# Einsteiger in Linux sucht Informationen



## crisou (2. Februar 2005)

Hallo Leute,

möchte den Einstieg in RedHat Linux wagen, alleridings finde ich keine sinnvollen Infos für Einsteiger im Netz. Kann mir jemand von euch weiterhelfen. Ich möchte also gerne Grundlagen wissen zu Linux, wie man es einsetzt, etc.

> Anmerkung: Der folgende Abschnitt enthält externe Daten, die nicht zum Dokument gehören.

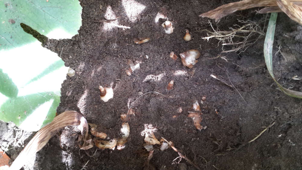 Посадил оставшиеся луковицы в открытый грунт. Подготовил место посадки, прокопав яму на полтора штыка лопаты (в целях разрыхления), и засыпав верхового торфа нейтрализованного на пополам с исходной землёй и добавлением пары горстей биогумуса. Луковицы заделывал на глубину примерно пол-ладони. Не поливал.
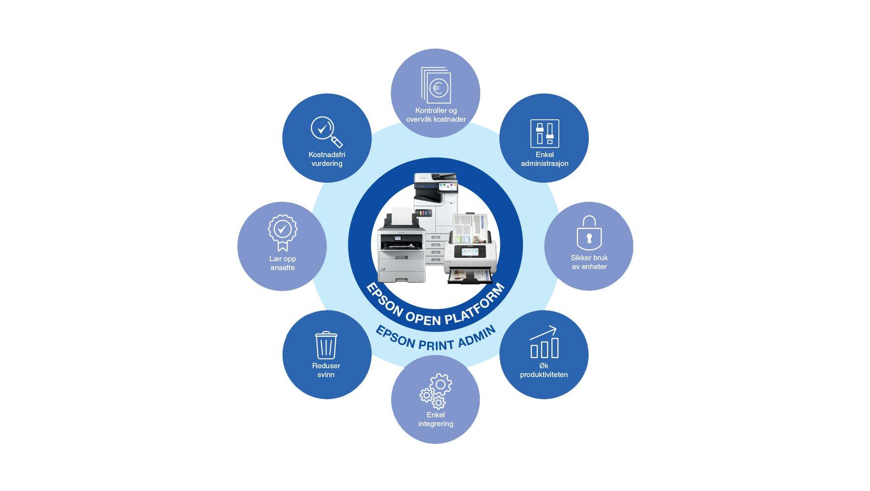 Epson Print Admin er en serverbasert programvareløsning som gir bedrifter sentralisert kontroll og sikkerhet over utskrift, skanning og kopiering.

Wäre super, wenn Ihr mir helfen könntet.

Gruß


----------



## Randolph_D (2. Februar 2005)

Hallo,
 wenn du nur RedHead auf deinem Rechner installieren willst, und keine Daten auf der Festplatte sind die du sichern musst, dann einfach Boot-CD einlegen und los.
 Wenn es der Rechner ist mit dem du auch im Netz bist, d. h. unter Win dann musst du schon genauer werden. Ich bin jetzt nicht der Experte aber du brauchst glaub ich ne eigene Partition (ReiserFS) und eine SWAP, für die Auslagerung.
 Wenns erstmal installiert ist erfährst du alles z.B. hier.
 Viel Spaß


----------



## Dennis Wronka (2. Februar 2005)

Hmm, gute Frage.
Was willst Du denn mit Deinem Linux machen? Die Frage wie man Linux einsetzt ist ja nicht gerade spezifisch.
Linux kannst Du zu so gut wie allem einsetzen, obwohl halt das Zocken nur bedingt moeglich ist. Ansonsten kannst Du damit eigentlich alles machen was Du willst (ausser Kaffee kochen, aber wer will das schon?  ).
Am besten installierst Du's erstmal, falls nicht schon geschehen, und wenn Du auf Probleme stoesst oder ein Programm fuer eine bestimmte Aufgabe suchst dann wendest Du Dich nochmal vertrauensvoll an's Forum.

Du musst auf jeden Fall bereit sein Neues zu lernen und offen dafuer sein, dass einiges anders als bei Windows ist. Und es ist sehr praktisch wenn Du Englisch kannst, denn das ist die Sprache des Internet (wehe es sagt jetzt einer HTML sei die Sprache des Internet!) und dementsprechend lassen sich in dieser Sprache so gut wie alle Informationen im Netz finden. Manchmal nicht ganz einfach verpackt, aber wie gesagt, bei Problemen gibt's ja uns.

Also viel Erfolg und viel Spass mit Linux.


----------



## Slater (2. Februar 2005)

Hy, ich habe vor ein paar Jahren auch den Einstieg mit RedHat versucht (Bin aber gescheitert). Seit nun fast einem Jahr "fahre" ich mit Suse (9.2) auf meinem Laptop. Installation war bei mir kein Problem und auch das Danach klappt ganz gut. Der Vorteil von Suse ist seine gute Benutzeroberfläche für Umsteiger!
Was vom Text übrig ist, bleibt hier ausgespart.